(Provided material Opens)

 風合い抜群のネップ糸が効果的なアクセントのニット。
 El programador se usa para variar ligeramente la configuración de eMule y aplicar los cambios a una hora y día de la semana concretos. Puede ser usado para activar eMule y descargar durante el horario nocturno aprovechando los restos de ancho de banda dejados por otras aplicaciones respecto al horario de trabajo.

(Provided material Closes)
(Provided material Opens)

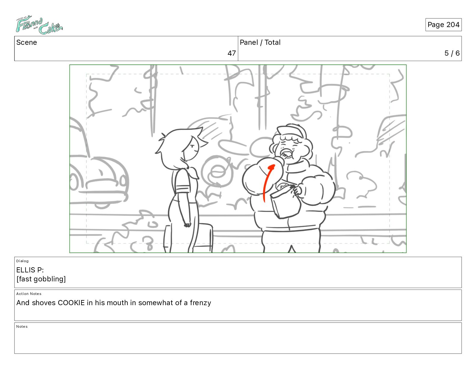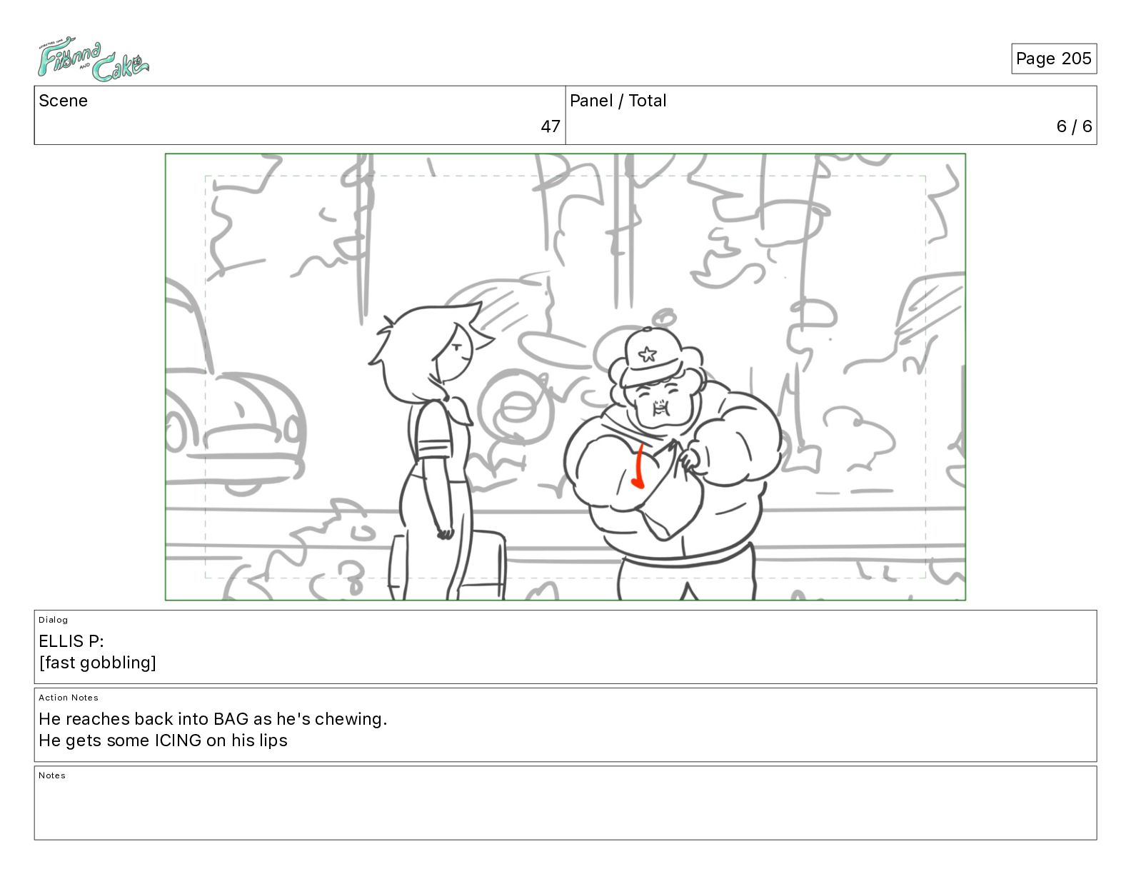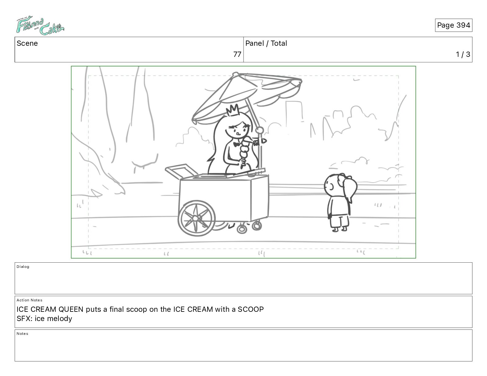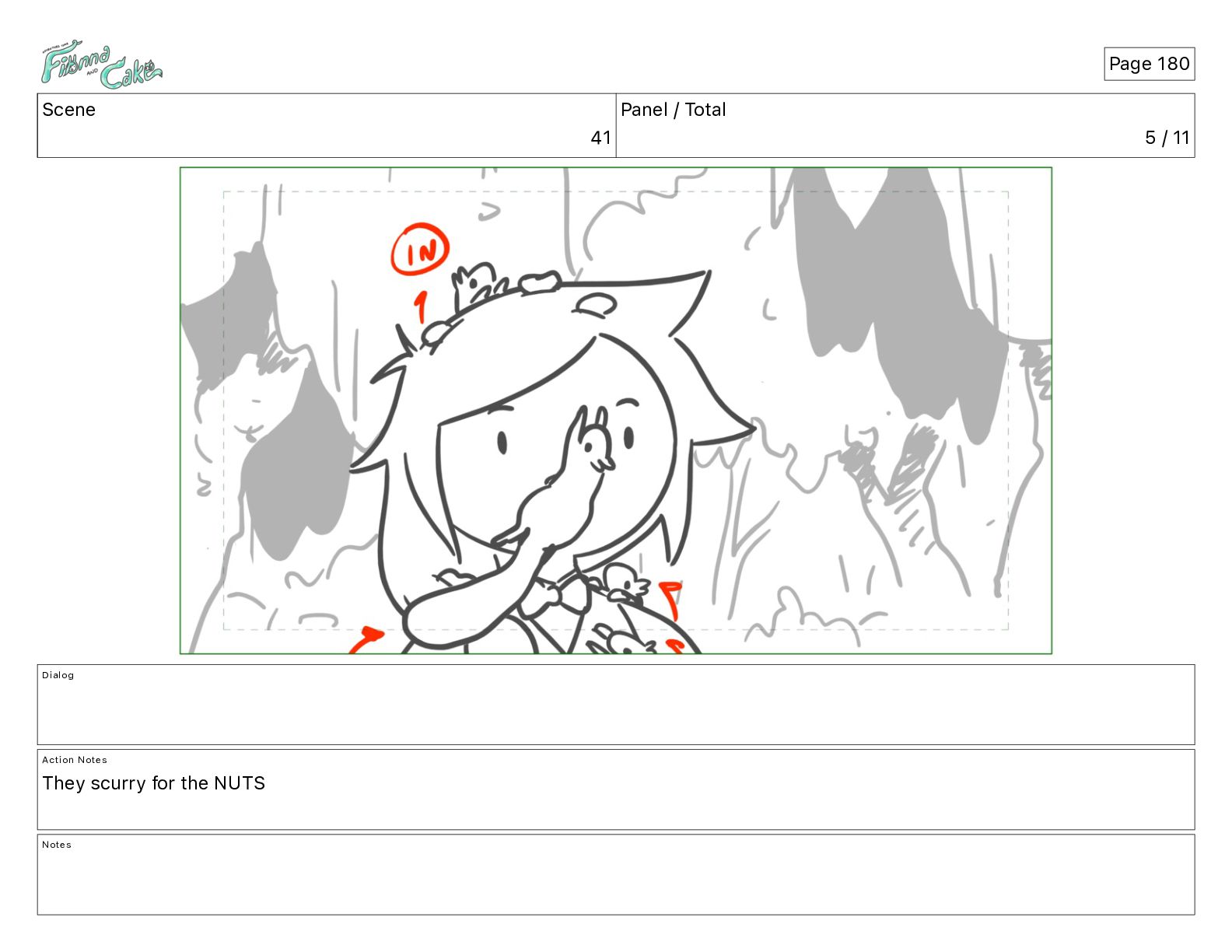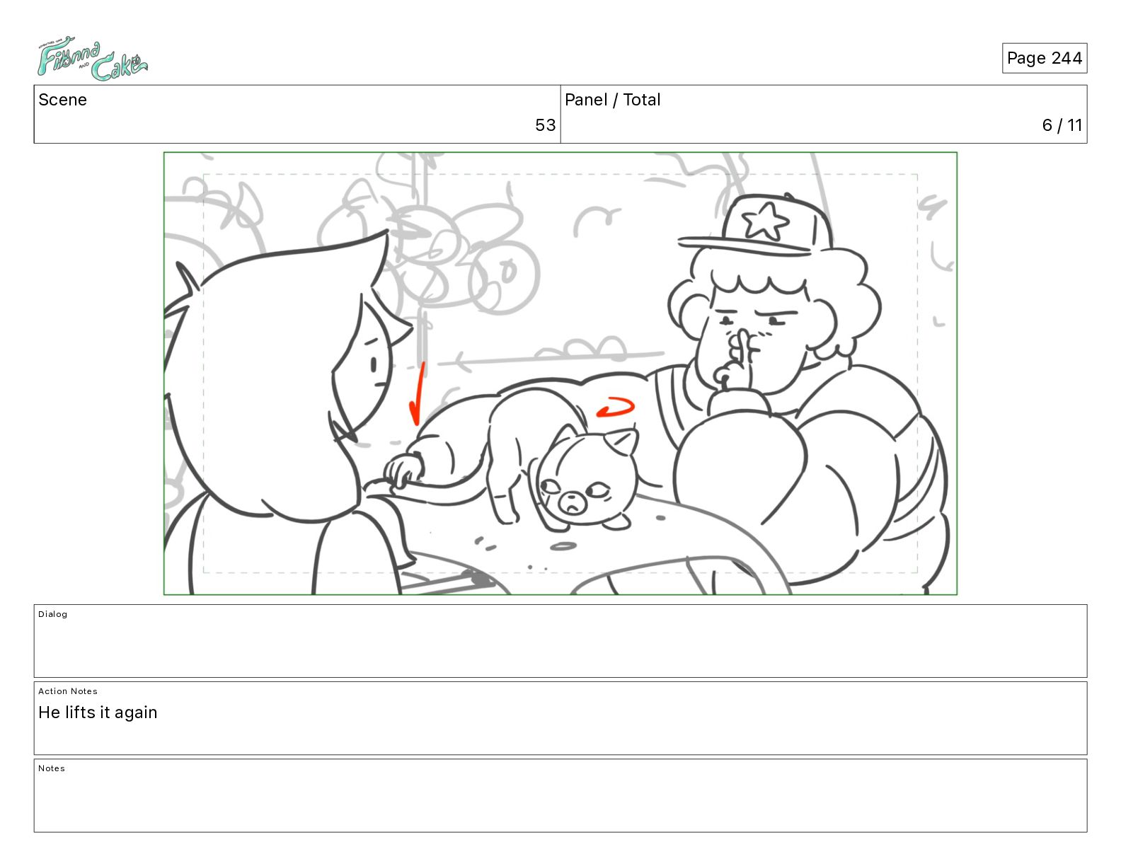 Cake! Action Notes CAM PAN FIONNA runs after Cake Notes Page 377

(Provided material Closes)

*Task prompt*. Go through the listing above and write out exactly the lines starting with the one holding "風合い抜群のネップ糸が効果的なアクセントのニット。" and running through the one holding "El programador se", ends included, and no others.

*Reply to the task*.
 風合い抜群のネップ糸が効果的なアクセントのニット。
 El programador se usa para variar ligeramente la configuración de eMule y aplicar los cambios a una hora y día de la semana concretos. Puede ser usado para activar eMule y descargar durante el horario nocturno aprovechando los restos de ancho de banda dejados por otras aplicaciones respecto al horario de trabajo.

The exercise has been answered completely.